Penulis di tengah para undangan di Hotel Hilton, Den Haag. (Foto: Walentina Waluyanti)

kbri-003

Foto: Dubes Retno L.P. Marsudi mengajak hadirin berdiri untuk bersama menyanyikan Indonesia Raya, sebelum membuka acara. (Foto: Walentina Waluyanti)

Tepat jam 18.00 Wakil Presiden memasuki ruang pertemuan di Hotel Hilton. Seperti biasa, Boediono selalu tampil dengan raut wajah yang kalem, tenang, dengan senyumnya yang terkesan teduh. Pengaruh kasus Century yang belakangan ini kerap dikait-kaitkan dengan namanya tak tampak memengaruhi penampilannya yang selalu cool itu. Boediono memasuki ruangan didampingi oleh Duta Besar Indonesia untuk Belanda, Retno L.P. Marsudi. Tampak hadir pula Rektor Universitas Indonesia dan Rektor Universitas Gajah Mada. Yaitu Prof. Dr. Ir. Muhammad Anis M.Met. dan  Prof. Pratikno, M.Soc.Sc.

Ibu Duta Besar mengenakan kebaya modifikasi berwarna hitam dengan kain batik bermotif gelap. Acara dibuka dengan menyanyikan lagu kebangsaan Indonesia Raya bersama dengan seluruh hadirin. Kemudian Duta Besar Retno Marsudi yang tampak sigap dan lincah dalam bertutur, memberi kata sambutan. Ia menjelaskan bahwa masyarakat Indonesia di Belanda berjumlah kira-kira 16.000 orang, dan repatrian Maluku berjumlah sekitar 45.000 orang. Dari jumlah besar orang Indonesia dan repatrian Maluku tersebut, sejumlah kecil yang hadir di pertemuan ini adalah mereka yang mewakili berbagai kelompok profesi dan golongan.

Sesudah Duta Besar Retno Marsudi memberi kata sambutan, Boediono berpidato. Siang harinya, Boediono sempat menerima medali kehormatan Prince Willem van Oranje dari Universitas Leiden, seusai memberi kuliah umum berjudul Mempertahankan Transformasi Ekonomi dan Politik di Indonesia di universitas tertua di Belanda tersebut. Medali kehormatan diserahkan langsung oleh Rektor Universitas Leiden, Prof. Carel Stolker.
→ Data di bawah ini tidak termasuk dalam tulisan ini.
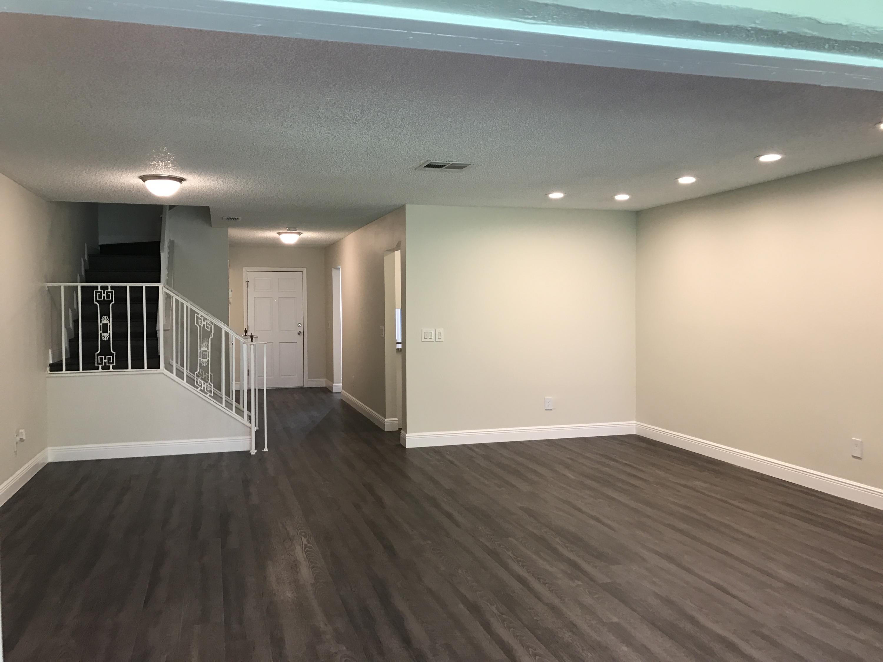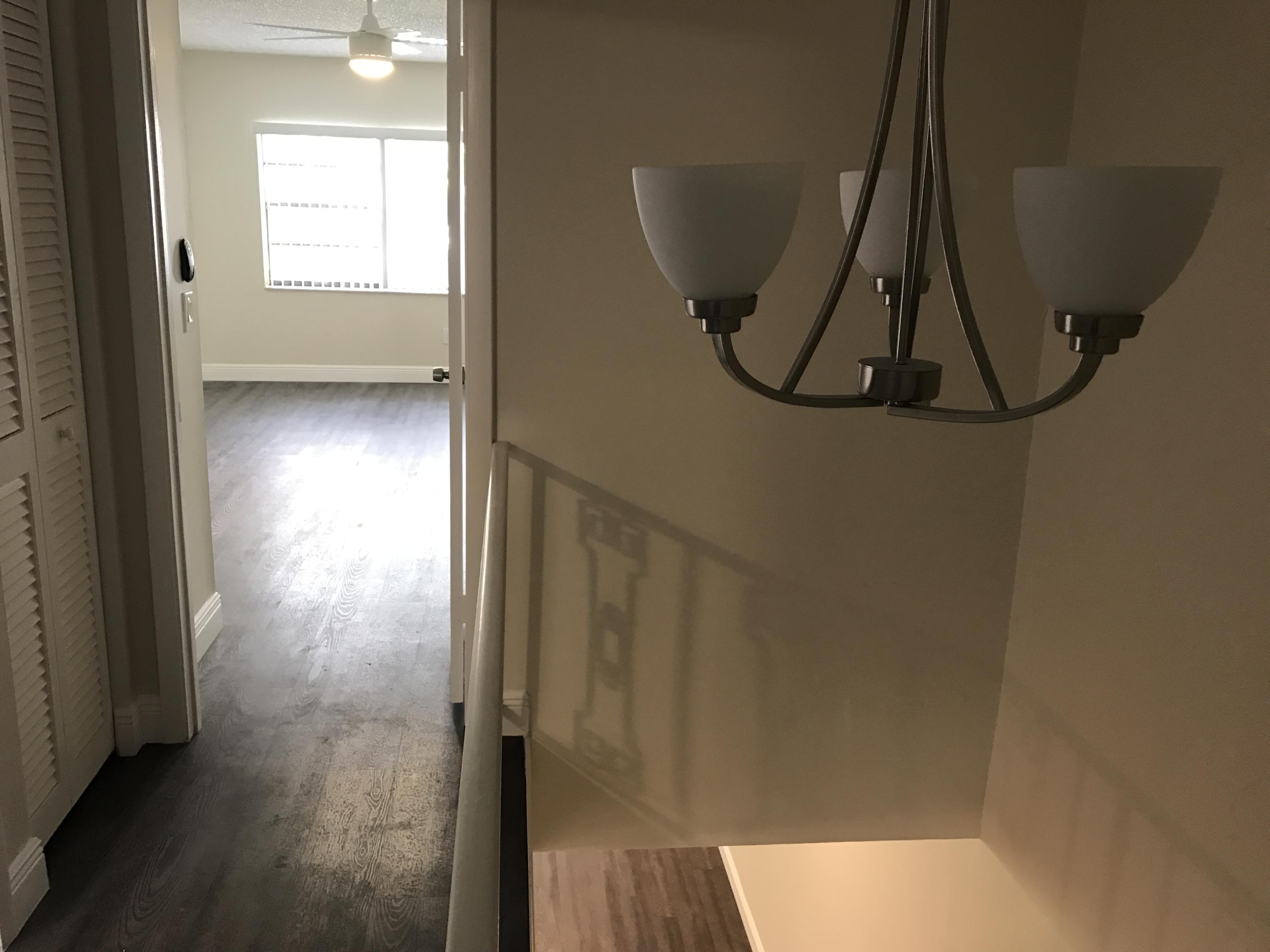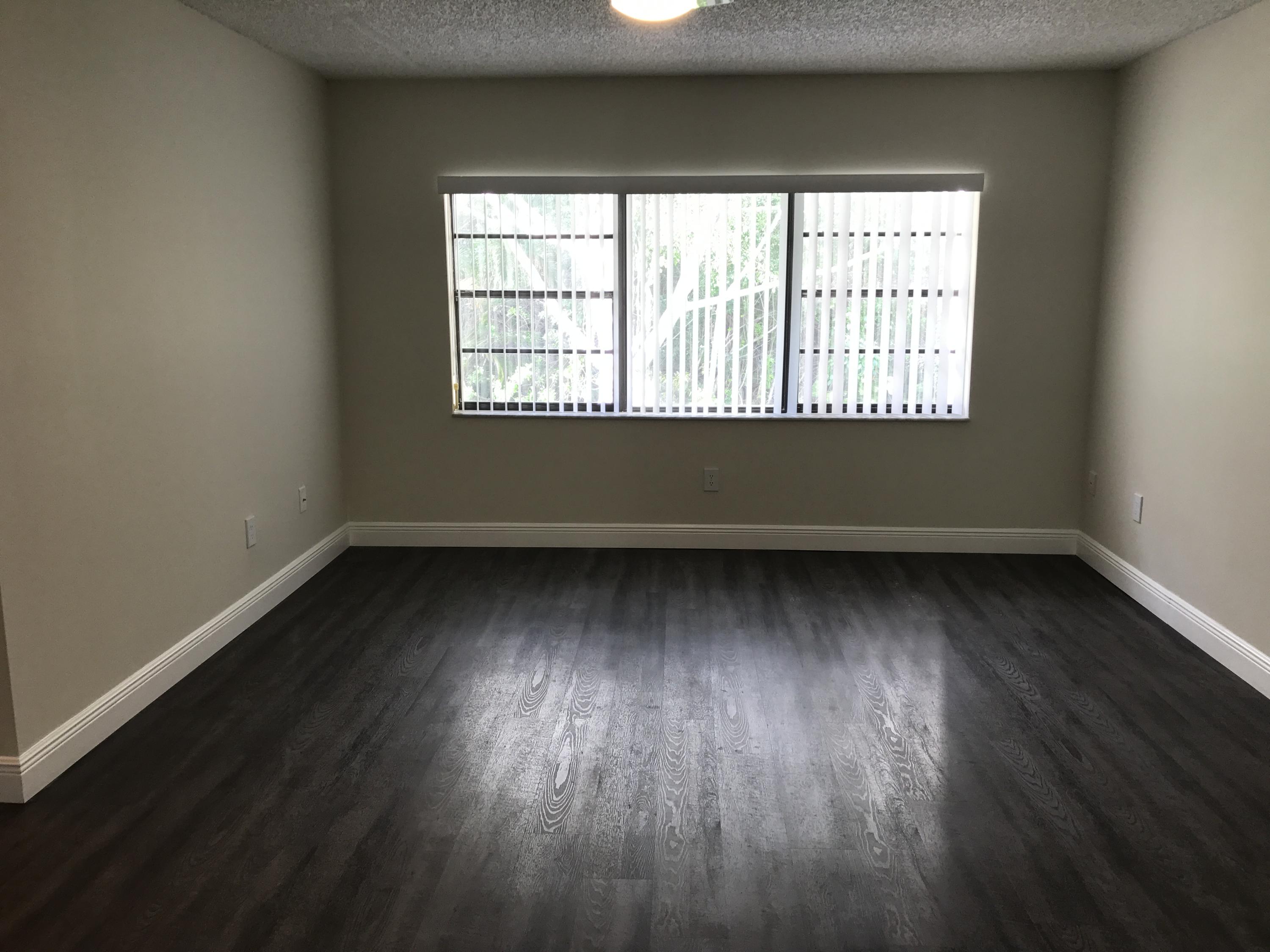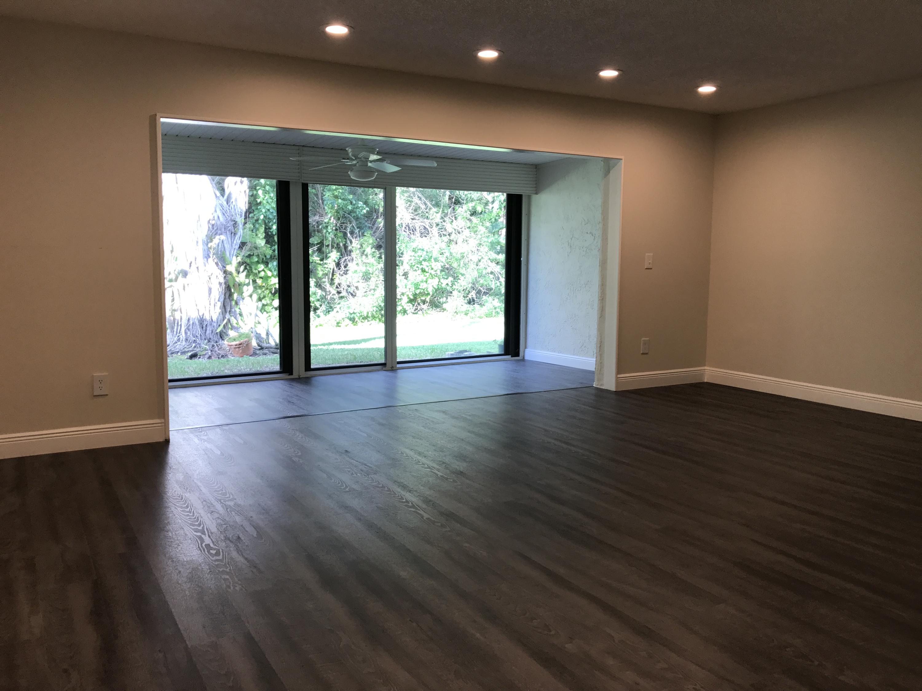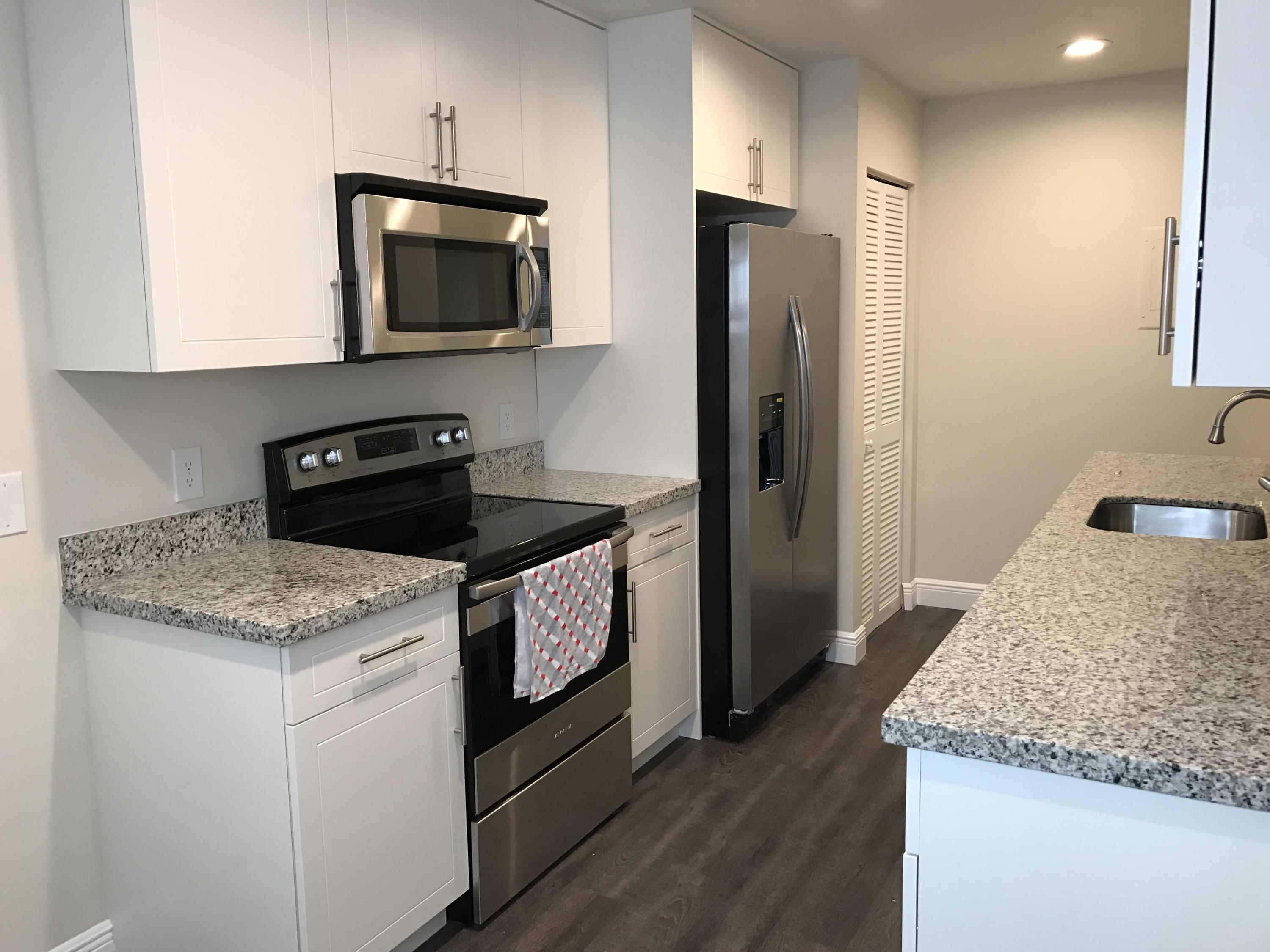 Come and see this contemporary beautiful totally remodeled condo. Amazing gray laminate throughout the entire apartment gives it incredible amplitude. Garden access through sliding doors with roller shutters allow to enjoy the unique Florida weather. Brand new custom kitchen with granite countertops and brand new stainless steel appliances. All vanities are of European style, clean and sleek, both upstairs vanities are dual. Huge walking closet in master, additional and convenient storage space. Close to major shopping, beaches and highways. Community pool and close to great golf courses. This is a great place to call home. A great 55+ community for the active young at heart

Penghargaan tadi diberikan kepada Boediono, karena ia dinilai berjasa dalam membangun demokrasi dan ekonomi di Indonesia.

Boediono menyampaikan ia sangat terkesan ketika berkunjung ke Universitas Leiden dan menyaksikan berbagai dokumentasi. Antara lain ia melihat foto para pelajar Indonesia pertama yang studi di Belanda. Sebelum melanjutkan sambutannya, dengan berseloroh Boediono berkata bahwa ia harus berhati-hati berbicara, karena khawatir terbawa dengan kebiasaan lamanya, yaitu berbicara sebagai dosen yang sedang berbicara di depan mahasiswa. Kemudian Boediono juga menyampaikan tujuan diadakannya KTT Keamanan Nuklir yang dihadirinya dan hasil dari KTT tersebut. Pada dasarnya 58 pemimpin negara dalam konferensi tersebut mencapai kesepakatan agar jangan sampai terjadi material senjata nuklir jatuh ke tangan teroris untuk dipergunakan sebagai persenjataan utama. Juga disepakati tentang pengurangan penggunaan senjata-senjata nuklir yang berbahaya di dunia, agar tidak jatuh ke tangan kaum teroris.

kbri-002

Boediono menyampaikan pidato. Kanan Dubes Indonesia untuk Belanda, Retno L.P. Marsudi. Duduk di kiri belakang antara lain Rektor UI, Prof. Dr. Ir. Muhammad Anis M.Met. dan Rektor UGM, Prof. Pratikno M.Soc.Sc. (Foto: Walentina Waluyanti)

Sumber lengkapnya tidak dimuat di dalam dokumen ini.